@Foxfyre,
Foxfyre wrote:I was not discussing the merits of whatever projects the government takes on, though at least defense spending, however wasteful, is Constitutionally authorized while a bridge that benefits only a narrow and relatively small group of Americans is not.
FALSE. Funding bridges, roads, transportation systems, etc., is authorized by the Constitution under the Commerce Clause.
You fail to comprehend Congress's vast powers under the Commerce Clause. Even what appears to be a wholly local activity, such as a farmer accessing local roads for the purpose of trucking his grain to market, substantially affects interstate commerce. Obviously, the ECONOMY IS STIMULATED when businesses are able to get their products to the market and in the hands of consumers. Because Congress is constitutionally responsible for interstate commerce, Congress may fund local roads, bridges, highways, and other modes of transportation.
Here's an excerpt from an article that sheds light on the extreme importance of our nation's roads, bridges, and highways with regard to our national prosperity:
Quote:In April 1939, executives of the General Motors Corporation inaugurated a major exhibit at the New York World's Fair. Named "Futurama" " a word intended to signify a panorama of the future " the General Motors' exhibit immediately became the Fair's most popular attraction. . . .

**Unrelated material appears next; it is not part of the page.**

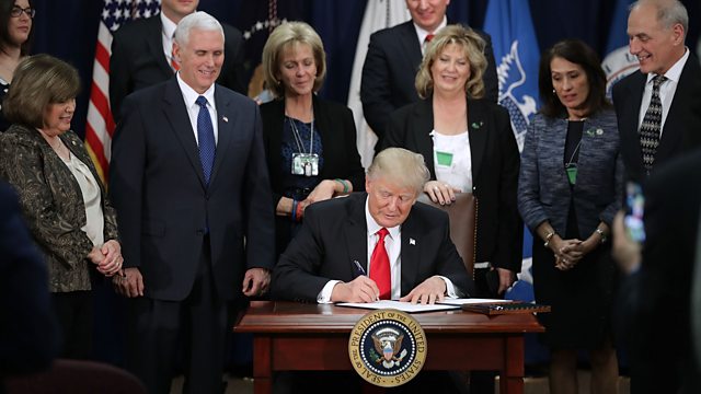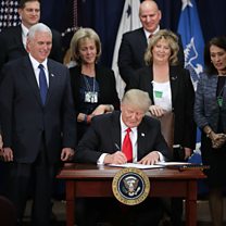 (Photo: Trump signing executive orders, one to begin the process of building a wall along the US-Mexico border. Credit: Getty Images)
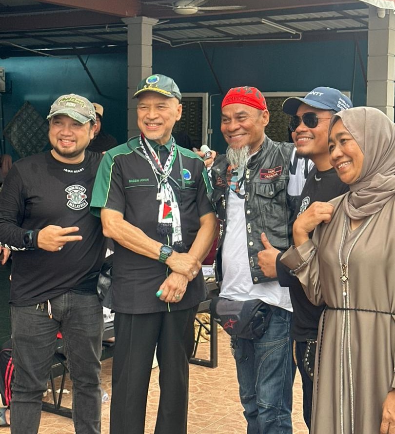 Nadzim Johan (dua dari kiri), Anita Yusop (kanan) bergambar bersama-sama bikers Iron Heart MC.

To wide-eyed residents of a nation still suffering the effects of the Great Depression, Futurama's designer, Norman Bel Geddes, emphasized the idea that a future of fast-flowing traffic on modern and beautifully designed, limited-access highways would help restore prosperity and hope to residents of city and countryside. . . .
City Versus Country
In 1944, as America's leaders planned for the end of World War II, the possible Interstate Highway System was on the federal legislative agenda. Members of the U.S. Congress and President Franklin D. Roosevelt, however, could not at first agree on terms for funding postwar highway construction. One dispute was that farm groups and their many representatives in Congress wanted more federal aid to construct miles of low-cost roads that would make it easier for farmers to bring crops and families to nearby towns and markets. At the same time, representatives from New Jersey and New York and other east coast states with large urban populations demanded additional funds to pay for roads that would help improve traffic in congested cities. Proponents felt that federal money for highway projects promised a vast public works program for members of the armed forces as soon as the war ended. Truck owners, however, were not interested in whether highway building fostered jobs or improved property values. Leaders of the American Trucking Associations, a trade group composed of thousands of truck fleet owners and managers, urged reduction of gasoline taxes and construction of key routes that served shipping traffic.
Late in 1944, political leaders and leaders in the American trucking and farm industries reached a compromise. The federal government would pay 50 percent of the cost of building roads in cities as well as in rural areas important to farmers. As well, Congress would pay 50 percent of the costs to continue construction of the original federal-aid highway system, which since 1921 had formed the backbone of U.S. highways and included such well-known routes as US 66 running from Chicago to Los Angeles. To pay for all of that projected postwar road building, members of Congress voted to appropriate the then-gigantic sum of $450 million a year for three years starting as soon as the war ended. As part of this legislation, Congress authorized construction of the Interstate Highway System, but did not appropriate funds specifically to pay the immense costs for building it. Rather, Congress authorized state officials to transfer up to 25 percent of federal grants for highway construction to build the IHS.
During the late 1940s, however, few of those involved either at the federal or state level were willing to divert funds from relatively inexpensive urban and rural roads that promised to speed up traffic and get farmers to market in order to build 40,000 miles of the still untested and far more costly (per mile) Interstate Highway System. More important than engineering miracles, the $450 million appropriated by Congress promised construction contracts and jobs in every state of the union and certainly in most congressional districts. Disputes about the distribution of money " highway mileage politics, in other words " have always played an important role in shaping American highway legislation. In any event, in December 1944, President Roosevelt signed the Federal-Aid Highway Act of 1944, launching the largest and certainly the most expensive road-building program in the history of the federal government.
LINK
When you assert that funding wars is constitutional, but funding roads is not, you are LYING.
Your statement that you "strongly question whether ANY federal projects are more cost effective, thrifty, or less wasteful than defense contracts," makes all of us strongly question your sanity. Right after Bush commenced the first war, it was reported that the Secretary of Defense could not account for 2.3 trillion dollars in transactions.
Quote:The War On Waste
Jan. 29, 2002
"According to some estimates we cannot track $2.3 trillion in transactions," Rumsfeld admitted.
$2.3 trillion " that's $8,000 for every man, woman and child in America. To understand how the Pentagon can lose track of trillions, consider the case of one military accountant who tried to find out what happened to a mere $300 million.
"We know it's gone. But we don't know what they spent it on," said Jim Minnery, Defense Finance and Accounting Service.
http://www.cbsnews.com/stories/2002/01/29/eveningnews/main325985.shtml
How many here believe, since the above report was released in January 2002, that the Department of Defense has become the paragon of cost effectiveness and thrift?